Tradeoffs Between Performance and Cost

Cisco Wide Area Application Services (WAAS) is a solution designed to bridge the divide between application performance and infrastructure consolidation in WAN environments. Leveraging appliances, router modules, or software deployed at both ends of a WAN connection and employing robust optimizations at multiple layers, Cisco WAAS is able to ensure high-performance access for remote workers who access distant application infrastructure and information, including file services, e-mail, the Web, intranet and portal applications, and data protection. By mitigating the performance-limiting factors of the WAN, Cisco WAAS not only improves performance, but also positions IT organizations to better consolidate distributed infrastructure to better control costs and ensure a stronger position toward data protection and compliance. Coupled with providing performance-improving techniques to enable consolidation of branch office infrastructure into the data center, Cisco WAAS provides an extensive platform for branch office virtualization, enabling IT organizations to deploy or retain applications and services in the branch office in a more cost-effective manner.
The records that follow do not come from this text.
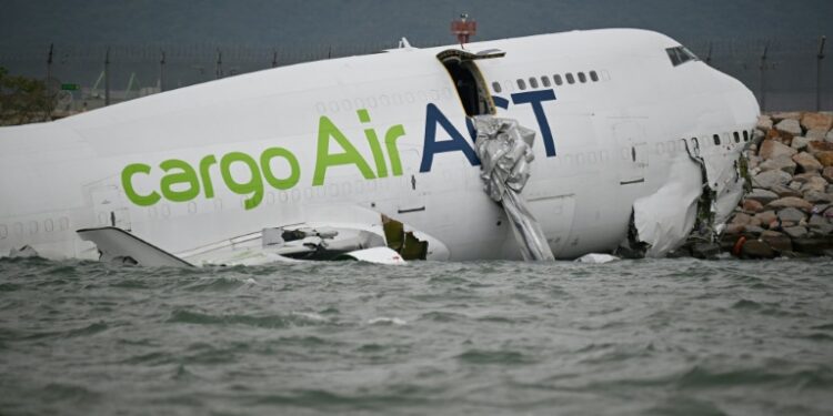 Hong Kong (AFP) – A cargo plane veered off a runway Monday during landing in Hong Kong, hit a security patrol car, and then skidded into the sea, leaving two men in the vehicle dead, authorities said. Officials said an investigation would aim to determine what caused the Boeing aircraft to leave the tarmac at Hong Kong International Airport, one of the busiest in the world for air cargo. The plane’s damaged fuselage was left partly submerged in the seawater that borders the airport, with its emergency evacuation slide extended following one of the most serious incidents since the hub began operations in 1998.
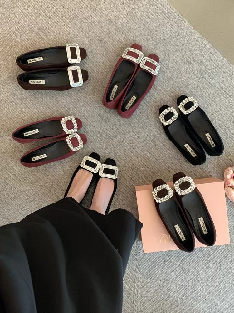 米霏~方头浅口单鞋女冬平底2025新款方扣水钻配裙子瓢鞋大码女鞋
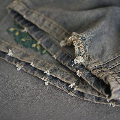 花柄刺繍 サルエルパンツ デニムパンツ ワイドパンツ バギーパンツ ガウチョパンツ レディース ウエ
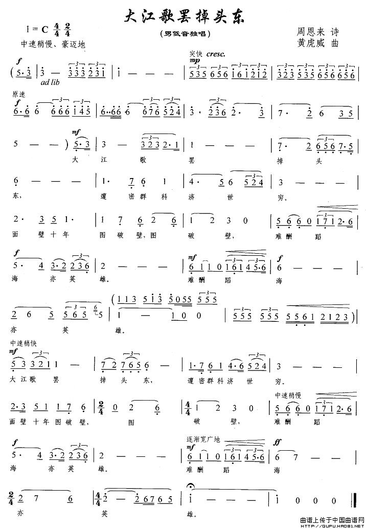 曲谱:大江歌罢掉头东(周恩来词 黄虎威曲)

Figure 1-2 shows the deployment architecture for the Cisco WAAS solution.

Figure 1-2

Cisco WAAS Solution Architecture

The purpose of this book is to discuss the Cisco WAAS solution in depth, including a thorough examination of how to design and deploy Cisco WAAS in today’s challenging enterprise networks. This chapter provides an introduction to the performance barriers that are created by the WAN and a technical introduction to Cisco WAAS and its capabilities. This chapter also examines the software architecture of Cisco WAAS and outlines how each of the fundamental optimization components overcomes those application performance barriers. Additionally, this chapter examines the virtualization capabilities provided by Cisco WAAS to enable branch infrastructure consolidation while allowing applications that must be deployed in the branch office to remain deployed in the branch office.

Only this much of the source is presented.